More standard features such as slideshow transitions and the aforementioned automatic image resizing are present and accounted for, and this model, like Kodak's step-up wireless frames, plays back most videos (MOV, AVI, MPEG-1, and MPEG-4) shot with popular digital still cameras. However, the frame will not display video from Flip Video cameras.
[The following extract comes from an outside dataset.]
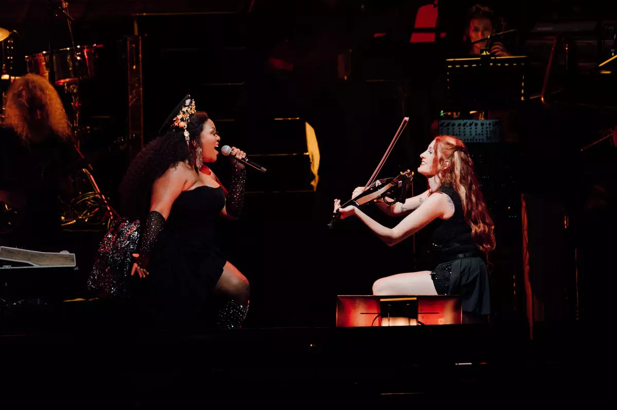 當演奏史詩式電影《帝國驕雄》時,耳熟能詳的激昂音牆後,迎來該片配樂的原裝女聲Lisa Gerrard(樂隊Dead Can Dance女主音)驚喜現身,獻上脫俗出塵的非凡天籟之音,掀起首個高潮。《星際啟示錄》表演時還加入了空中芭蕾,為演出推進至另一層次。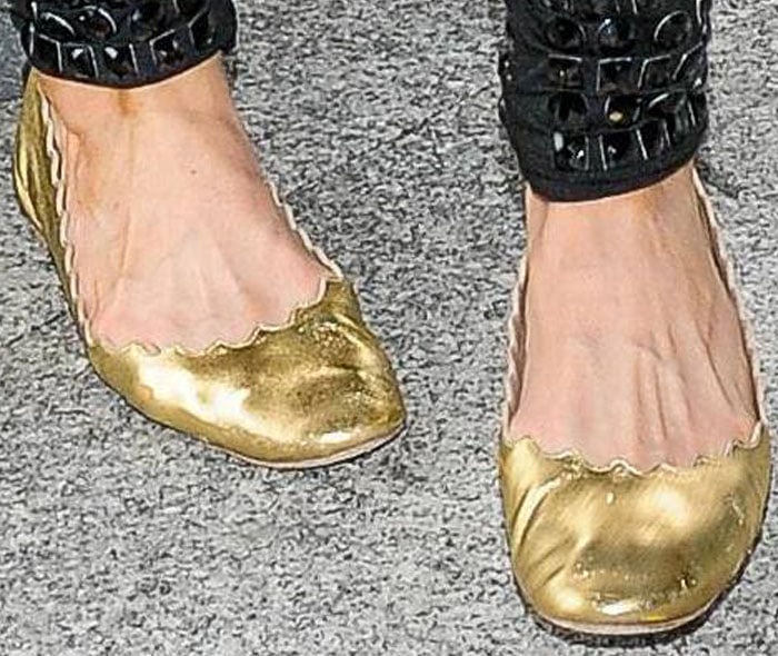 Paris coupled her custom made sequin top with a pair of embellished black jeans, a white tote and a pair of gold Chloé “Lauren” scalloped ballet flats.

It's been a little while since we tested Kodak's higher-end W-series frames, but this model didn't appear to have the same zippiness as the W1020, for example. There was more lag in displaying thumbnail images from memory cards and overall the frame just didn't feel quite as responsive. Video doesn't play very well at all, with audio as well as slideshow background music prone to stuttering.

As for image quality, it's decent, not great, but a big step up from the lower resolution P720 7-inch frame. At 800x480, the image may not be razor sharp and you'll see some slight stair-stepping on curved edges and diagonal lines, like on leaves. The colors look pretty natural, and though blacks may not be terribly deep, there's enough dynamic range in the midtones to render sufficient detail in shadows. As with most LCD frames, when positioned vertically there's little to no off-axis viewing on one side; the photo inverts or disappears when viewed at more than 25 degrees or so from center. While the sound quality from the tinny internal speakers isn't great--you can play MP3 files as background music for your slide shows--it's passable.

In the end, as we said, what makes this frame an attractive option is the combination of decent image quality and a respectable feature set for less than $100. For someone who doesn't want to spend $50 or so more for built-in wireless connectivity (which certainly is an appealing feature), the M820 is a solid if unspectacular choice.